EXERCISE INPUT:

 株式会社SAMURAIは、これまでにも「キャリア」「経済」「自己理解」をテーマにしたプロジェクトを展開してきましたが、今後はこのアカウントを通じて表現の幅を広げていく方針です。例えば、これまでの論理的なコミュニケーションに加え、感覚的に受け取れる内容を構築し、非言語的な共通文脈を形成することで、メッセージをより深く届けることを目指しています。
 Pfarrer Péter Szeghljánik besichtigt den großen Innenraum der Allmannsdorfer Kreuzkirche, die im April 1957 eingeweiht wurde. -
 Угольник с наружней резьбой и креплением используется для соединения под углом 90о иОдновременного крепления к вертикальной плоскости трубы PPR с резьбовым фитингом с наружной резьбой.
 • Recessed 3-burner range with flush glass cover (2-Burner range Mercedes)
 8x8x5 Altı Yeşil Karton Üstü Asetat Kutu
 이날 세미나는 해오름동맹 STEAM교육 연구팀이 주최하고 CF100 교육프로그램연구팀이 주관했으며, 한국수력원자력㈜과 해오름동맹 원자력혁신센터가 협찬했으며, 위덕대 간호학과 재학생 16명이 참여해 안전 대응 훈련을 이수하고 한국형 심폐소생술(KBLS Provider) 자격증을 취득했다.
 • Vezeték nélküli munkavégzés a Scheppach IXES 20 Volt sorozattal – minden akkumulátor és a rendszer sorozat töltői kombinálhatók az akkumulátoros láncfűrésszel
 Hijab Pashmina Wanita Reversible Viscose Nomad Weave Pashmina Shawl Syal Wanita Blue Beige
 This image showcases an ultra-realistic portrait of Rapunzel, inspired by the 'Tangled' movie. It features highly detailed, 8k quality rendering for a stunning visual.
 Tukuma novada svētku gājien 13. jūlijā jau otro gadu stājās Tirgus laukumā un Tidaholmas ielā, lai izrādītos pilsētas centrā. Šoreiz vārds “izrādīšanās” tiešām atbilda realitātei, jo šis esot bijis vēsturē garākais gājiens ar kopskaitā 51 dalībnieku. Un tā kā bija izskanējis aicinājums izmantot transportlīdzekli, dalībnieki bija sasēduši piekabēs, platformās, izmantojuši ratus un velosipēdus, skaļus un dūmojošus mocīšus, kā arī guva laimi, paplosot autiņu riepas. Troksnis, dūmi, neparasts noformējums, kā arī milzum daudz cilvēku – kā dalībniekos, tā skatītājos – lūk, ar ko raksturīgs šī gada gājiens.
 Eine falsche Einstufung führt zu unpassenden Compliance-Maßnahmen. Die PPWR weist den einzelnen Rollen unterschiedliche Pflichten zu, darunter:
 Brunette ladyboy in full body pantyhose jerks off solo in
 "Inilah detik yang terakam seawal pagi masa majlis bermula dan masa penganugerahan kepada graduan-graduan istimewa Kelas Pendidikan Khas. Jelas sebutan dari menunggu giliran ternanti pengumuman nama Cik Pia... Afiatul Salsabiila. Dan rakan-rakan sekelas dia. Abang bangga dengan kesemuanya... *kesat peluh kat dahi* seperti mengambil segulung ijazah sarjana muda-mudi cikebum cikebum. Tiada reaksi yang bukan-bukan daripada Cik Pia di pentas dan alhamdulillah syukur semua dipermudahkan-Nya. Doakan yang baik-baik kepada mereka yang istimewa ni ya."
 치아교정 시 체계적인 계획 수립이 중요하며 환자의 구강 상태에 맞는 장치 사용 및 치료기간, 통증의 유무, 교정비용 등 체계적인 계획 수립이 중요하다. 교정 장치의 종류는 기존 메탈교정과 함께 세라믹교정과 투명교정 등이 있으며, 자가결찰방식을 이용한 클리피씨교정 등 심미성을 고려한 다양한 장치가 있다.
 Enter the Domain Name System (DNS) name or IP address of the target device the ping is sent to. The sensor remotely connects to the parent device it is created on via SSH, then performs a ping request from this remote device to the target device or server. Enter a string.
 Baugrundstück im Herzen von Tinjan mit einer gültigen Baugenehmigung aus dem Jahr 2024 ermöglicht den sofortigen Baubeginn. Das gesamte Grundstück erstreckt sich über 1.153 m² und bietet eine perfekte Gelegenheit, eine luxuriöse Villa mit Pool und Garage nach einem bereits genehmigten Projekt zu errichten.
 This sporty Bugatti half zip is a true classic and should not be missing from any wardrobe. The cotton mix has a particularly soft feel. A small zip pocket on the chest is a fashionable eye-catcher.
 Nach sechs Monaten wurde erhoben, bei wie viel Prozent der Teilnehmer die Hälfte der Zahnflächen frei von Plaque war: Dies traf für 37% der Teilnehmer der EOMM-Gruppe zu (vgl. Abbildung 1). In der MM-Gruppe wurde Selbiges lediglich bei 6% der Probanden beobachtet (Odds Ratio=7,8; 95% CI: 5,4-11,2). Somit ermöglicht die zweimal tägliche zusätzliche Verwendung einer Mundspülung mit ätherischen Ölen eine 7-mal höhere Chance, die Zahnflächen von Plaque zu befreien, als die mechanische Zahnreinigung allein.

WHAT THE EXERCISE ASKS: Reproduce each line of the records in which the word "from" appears.

ANSWER TO THIS EXERCISE:
 Enter the Domain Name System (DNS) name or IP address of the target device the ping is sent to. The sensor remotely connects to the parent device it is created on via SSH, then performs a ping request from this remote device to the target device or server. Enter a string.
 This sporty Bugatti half zip is a true classic and should not be missing from any wardrobe. The cotton mix has a particularly soft feel. A small zip pocket on the chest is a fashionable eye-catcher.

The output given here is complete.